22 March 2019

A Repulsively Casual Terrorist Manifesto

Graeme Wood

I have just read the manifesto written by the alleged killer of almost 50 Muslims in Christchurch, New Zealand. I can think of more pleasant ways to spend a Friday morning, such as nursing a throbbing case of pink eye, or seeing how long I can hold my palm on my hot plate without screaming. But the evaluation of nauseating ideological statements is a specialty of mine, and regrettably, today I am once again on duty.

The sole virtue of “The Great Replacement,” a 78-page Microsoft Word document containing poetry and illustrations, is its clarity. It provides a catechism about the intentions of its author, as if to preempt the usual questions that follow atrocities of this kind. (Certain lines are written in an ironic, messing-with-you tone, but they are easy to detect if you spend enough time reading this stuff.) The author is a white Australian and wishes to hasten a civilizational war. His model is Anders Behring Breivik, the Norwegian neckbeard who murdered 77 people, mostly liberal teens at an island retreat, in 2011.

The civilization that most offends him is Islam, because of its attempt to colonize the West through immigration and philoprogenitiveness. He hates, most of all, those Muslims who are peaceful. “The unarmed invader is far more dangerous to our people than the armed invader,” he says. “We have no real idea on how to deal with them, we are unable to attack them or fend them off in any meaningful way.” He is ideological but, like Breivik, not meaningfully religious, and comes close to denying that he is even Christian.

That’s it. To examine the document more carefully is about as useful as stirring and examining the killer’s scat. Not all manifestos and ideological documents are this mediocre or written in such a repulsively casual tone. (“Q: You are a bigot, racist, xenophobe, islamophobe, nazi, fascist! A: Compliments will get you nowhere.”) The Islamic State’s statements, for example, were written in a repulsively formal register, often with original poetry and allusion to rich intellectual traditions. The Unabomber, too, displayed erudition and an almost dainty concern for citation and detail. (In his last book, a prison manifesto, he even cited me.) The killer in this case seems to have lacked originality, even cribbing his jokes from fellow sewer-dwellers on the internet. Already the internet is being scrubbed of his manifesto. I predict that within days it will be easy to find again, but that no one will bother reading it, because it is simply stultifying, and not bracing even for the skinheads and tiki-torch marchers who agree with it in principle.

Of course, even a mediocre manifesto will attract interest, both prurient and legitimate.

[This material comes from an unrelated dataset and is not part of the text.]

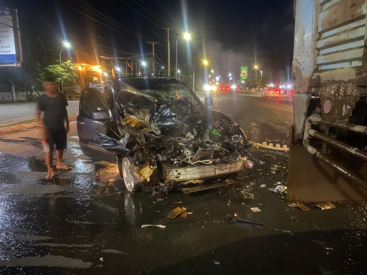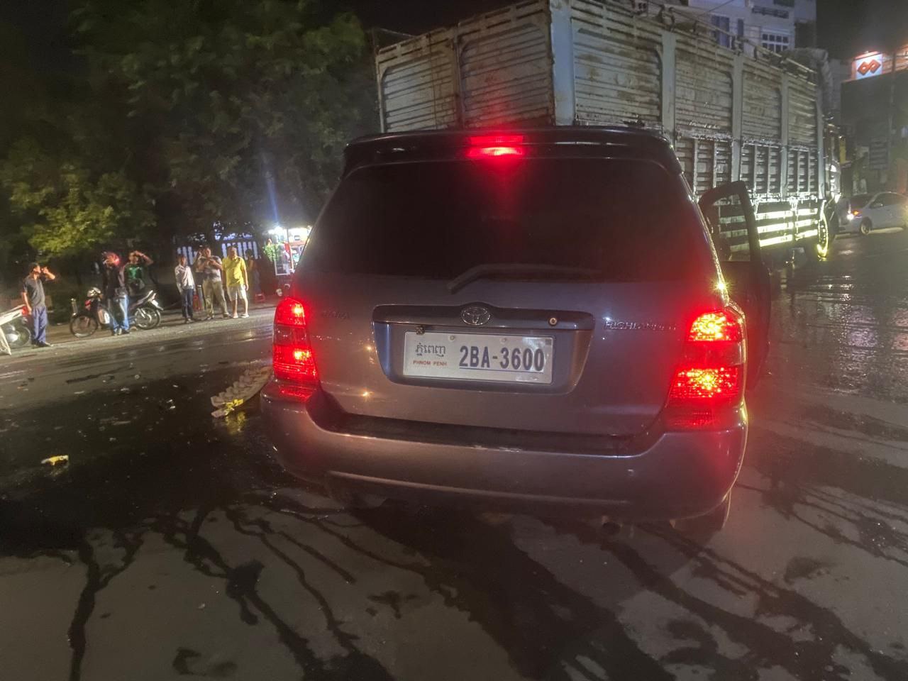 យោងតាមរបាយការណ៍របស់សមត្ថកិច្ចបានឲ្យដឹងថា រថយន្តម៉ាក Highlander ពណ៌ប្រផេះ ពាក់ផ្លាកលេខភ្នំពេញ 2BA 3600 បើកបរដោយឈ្មោះ ឡុង ស៊ុនលីម (ប្រុស, ៣១ឆ្នាំ) រួមដំណើរជាមួយឈ្មោះ ស្មោញ ឡុងហេង (ប្រុស, ៥៦ឆ្នាំ) បានបើកក្នុងទិសដៅពីជើងទៅត្បូង។ ពេលបើកមកដល់ចំណុចកើតហេតុ អ្នកបើកបររថយន្ត Highlander បានបើកវ៉ាជែងរថយន្តមួយគ្រឿងទៀតមកខាងឆ្វេងដៃដោយខ្វះការប្រុងប្រយ័ត្ន ក៏ជ្រុលទៅបុកជាមួយរថយន្តម៉ាក Hyundai ពណ៌លឿង ពាក់ផ្លាកលេខភ្នំពេញ 3C 6330 ដែលកំពុងបើកបរបញ្ច្រាសទិសពីត្បូងទៅជើង។

In extremist manifestos, “there is a potency in the combination of words and action,” J. M. Berger wrote here just a few weeks ago, that fascinates people, both analysts and believers. Some of these documents contain wicked brilliance that catalyzes violent acts through sheer force of imagination. Berger counts more than 200 deaths at the hands of fans of The Turner Diaries, a 1978 anti-Semitic and racist thriller. The Islamic State has killed many more, and although it has never published a manifesto, untold numbers of foreign fighters began their journeys by downloading an ISIS-produced document outlining the beliefs that a Muslim must hold, and the actions those beliefs require. These manifestos sometimes matter a great deal.

What we should learn as this particular manifesto is forgotten is that even if specific texts prove unmemorable, the potency of ideas is enduring and chronically underestimated. Is there any doubt that the ideology that inspired the Christchurch terrorist is a global pestilence, and that any response that fails to apprehend it as an ideology is inadequate? We already see an understandable curiosity about websites the killer might have visited, the fact that he live-streamed his crimes, and his references to memes and public figures.

I am reminded of early phases of analysis of ISIS, when sympathizers flooded Twitter with jihadist memes and jokes, and in some cases even planted obviously fake claims that they had been radicalized by non-jihadist Muslim public figures in the West. The confusion sown in those early days contributed to a failure to realize that at its core, ISIS had a very non-ironic set of beliefs, accompanied by ironic memes and worldly mechanisms for dissemination. When the Christchurch killer departs from his jocular, message-board tones, he refers to historical figures and events, not always the ones that have engendered Pepe-like memes for the internet’s right wing. (He refers three times to the English Nazi-sympathizer Oswald Mosley, a figure known to every fascist but not to every keyboard warrior on 8chan for the laughs.) This fascist core is attended by a bodyguard of casual irony and disdainful, in-joke humor. The tone is just a style, and a phenomenon of our times. But the core is an enduring enemy of civilization. The killer sees it, rightly, as historically continuous with mid-20th-century fascism. The survival of this ideology in any form should unnerve us all.